▶ [PROBLEM DETAILS]: Copy all lines below exactly as written. Leave pictures out.

▶ [INPUT DATA]:
------------------------------------------------------------

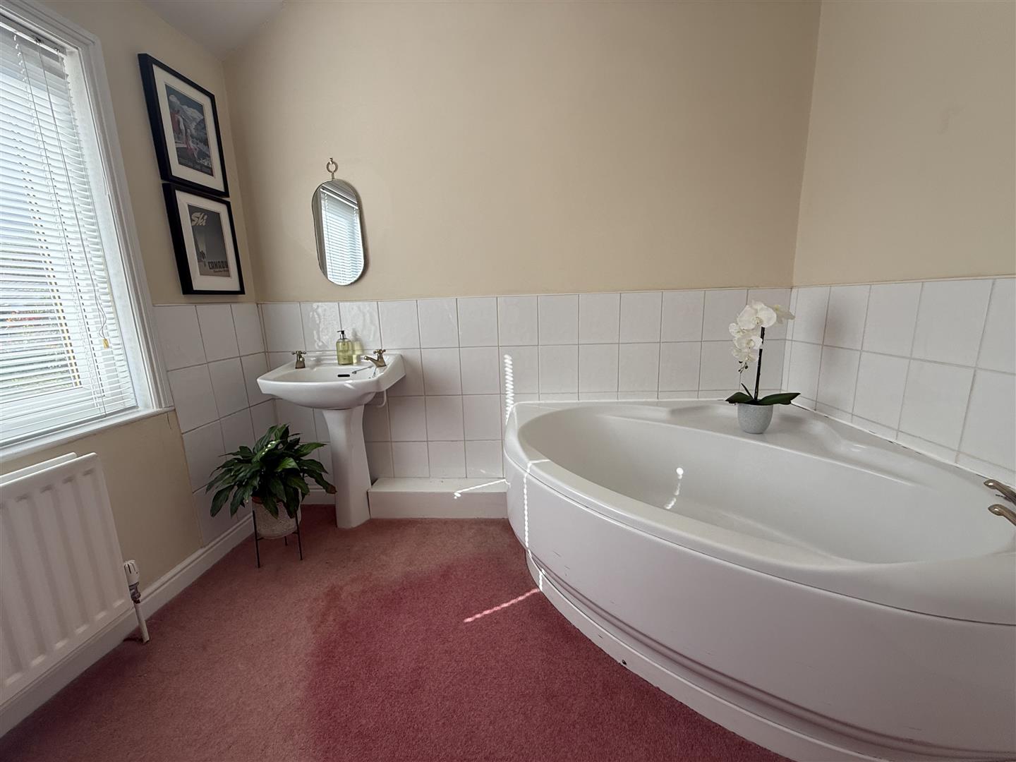 With a large corner bath and pedestal handbasin. The bathroom overlooks the front aspect.
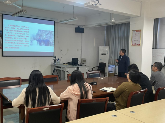 党总支书记王伟以“深入学习贯彻党的二十大精神和习近平总书记考察安阳时的重要讲话精神 以红旗渠精神铸魂育人”为主题,给教师党员上党课;教工党支部组织党员干部下层一线,开展志愿服务活动;教工、员工党支部联合开展“重走习近平总书记考察红旗渠路线,与时俱进弘扬红旗渠精神”主题党日活动。
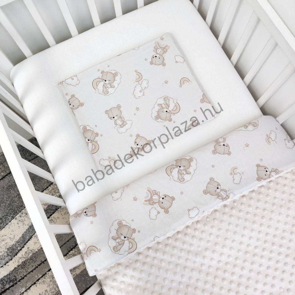 - Anyaga: egyik oldala 100% pamut, másik oldala pihe-puha Minky (100% poliészter); töltet: poliészter

------------------------------------------------------------

▶ [RESULT OF THE TASK]:
 With a large corner bath and pedestal handbasin. The bathroom overlooks the front aspect.
 党总支书记王伟以“深入学习贯彻党的二十大精神和习近平总书记考察安阳时的重要讲话精神 以红旗渠精神铸魂育人”为主题,给教师党员上党课;教工党支部组织党员干部下层一线,开展志愿服务活动;教工、员工党支部联合开展“重走习近平总书记考察红旗渠路线,与时俱进弘扬红旗渠精神”主题党日活动。
 - Anyaga: egyik oldala 100% pamut, másik oldala pihe-puha Minky (100% poliészter); töltet: poliészter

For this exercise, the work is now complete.